Sample Chains

Hey,
What are you guys building sample chains with? Live? I was gonna sit down an make some today and thought I’d ask for any advice/ hints/tips and such.

Thanks!
-b

Haven´t done that yet. But I am interesting hearing others regarding this.
I am toying with this idea:

[ul]
[li]OT (or DAW) to transmit a burst of midi notes/PC/CC (in series) that corresponds to and trigs the different sounds I´d like to get back from the soundsource.[/li]
[li]The soundsource audio outputs connected into the OT input. [/li]
[li]An project created for the purpose of “ripping” audio of others machines. [/li]
[li]Enough up to maximum recording time in a track to record all sounds (One Shot recorder trig).[/li]
[li]Slice that sample into appropiate amount of slices.[/li]
[/ul]

As stated, I haven´t tried it so I don´t know if it really works. But if possible it would be so nice to have a project within the OT itself (= mobility). Where its miditrack is the “automatic” controller that plays the soundsource, and the audiotrack is the “automatic” recorder that captures the soundsource audio.

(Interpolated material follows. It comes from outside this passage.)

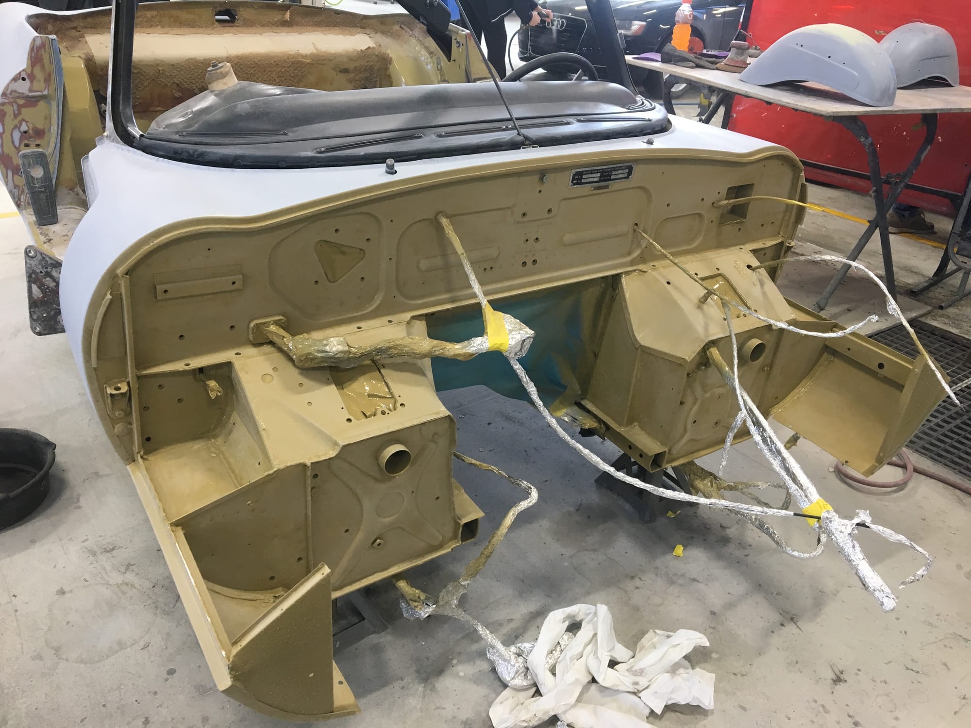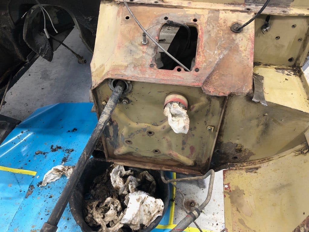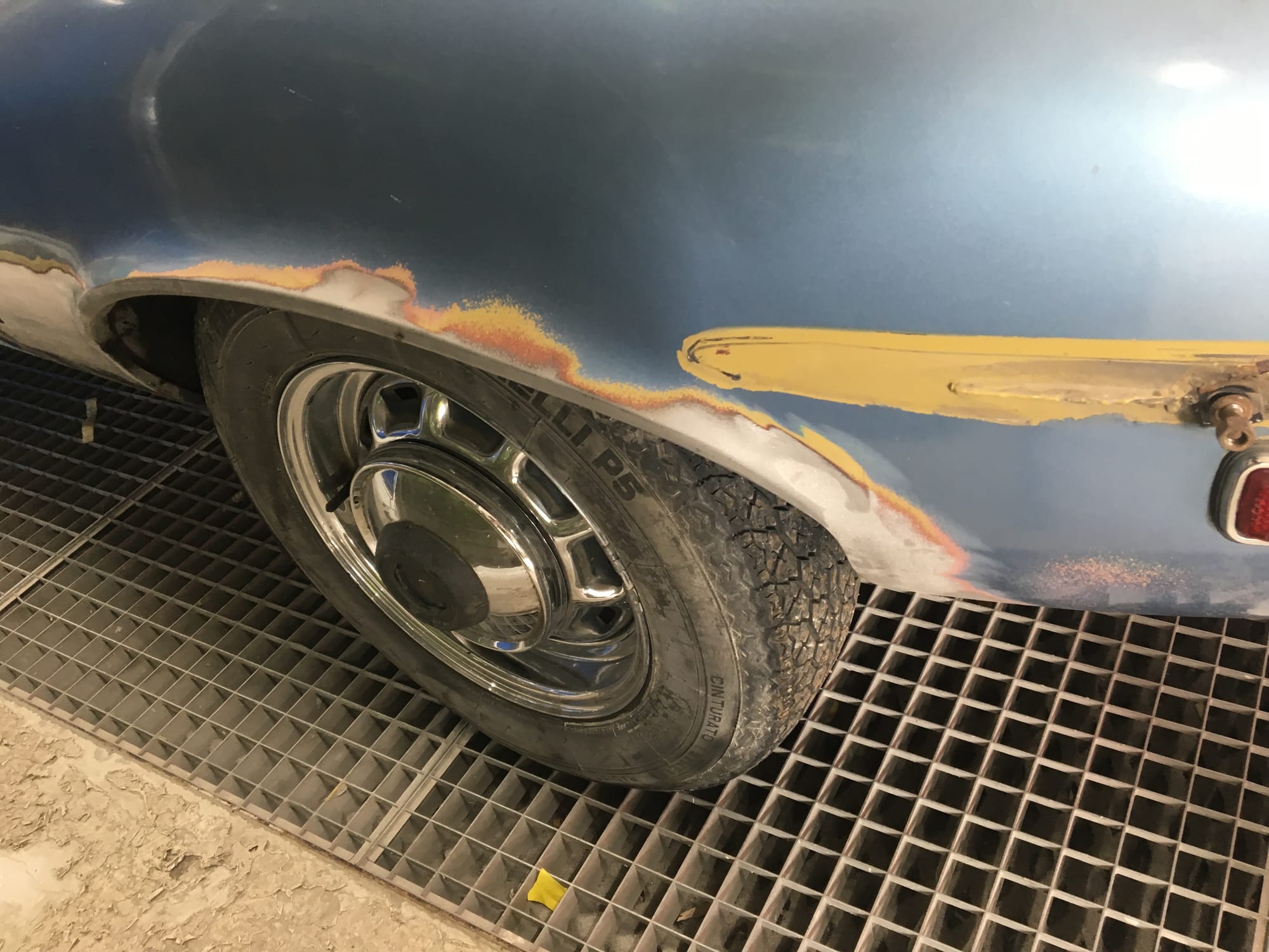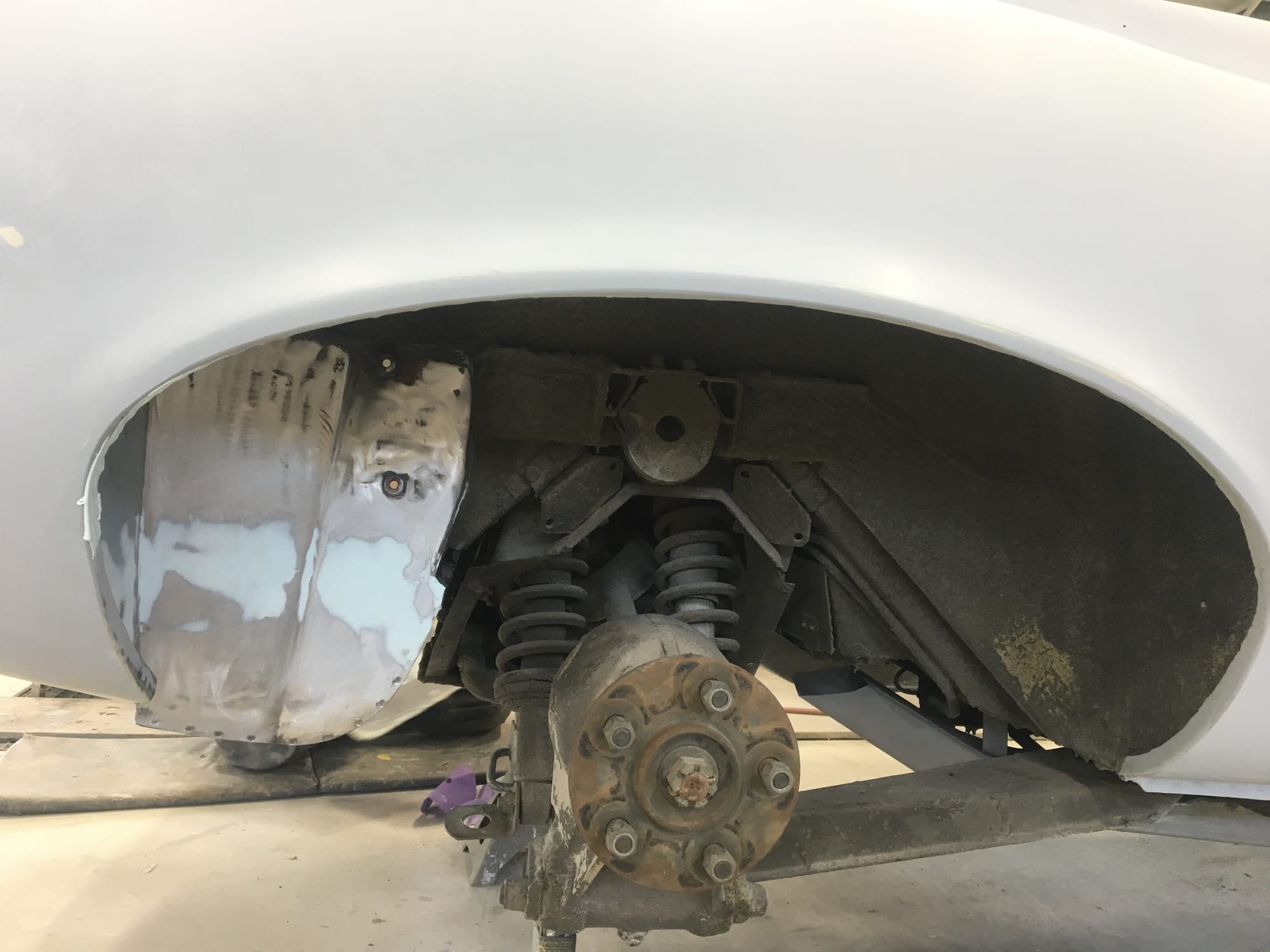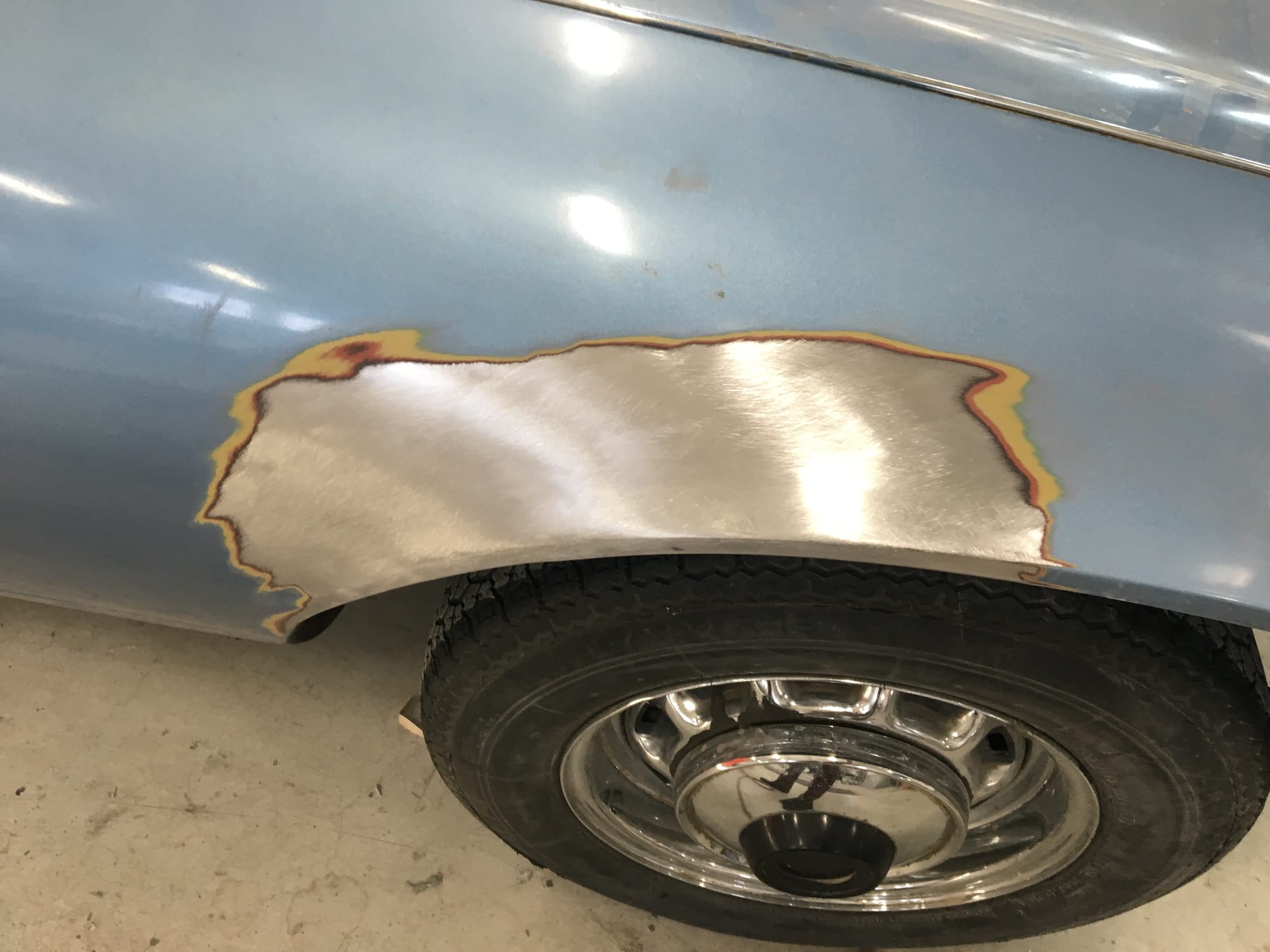 The car had a few isolated patches of rust caused by plugged drain tubes. It was stipped to bare metal and sent to Lyle at Rods n'Restos for repair to the trunk and rear fenders. Cosmos Collision, under the careful attention of Loc Ngo, repainted the car in the original Greensand hue.

If both are kept and constructed with the time constraints of the OT in mind, with the slice options (to whatever wanted/needed) as well in consideration. It could perhaps be a minimum hassle of getting the slice startpoints correct by just using linear grid slicing afterwards?

Kinda, plug them into each other (midi and audio). Load that project in OT. Check levels and whatever. Hit play on OT. It takes care of playing each sound of the soundsource AND records it into an track, while you´re relaxing (or up grabbing a coffee). When finish, save that recording, slice it up in linear grid (near perfect alignment of each sound). Done.

It probably won´t work with all hardware units out there, but perhaps with some of them at least?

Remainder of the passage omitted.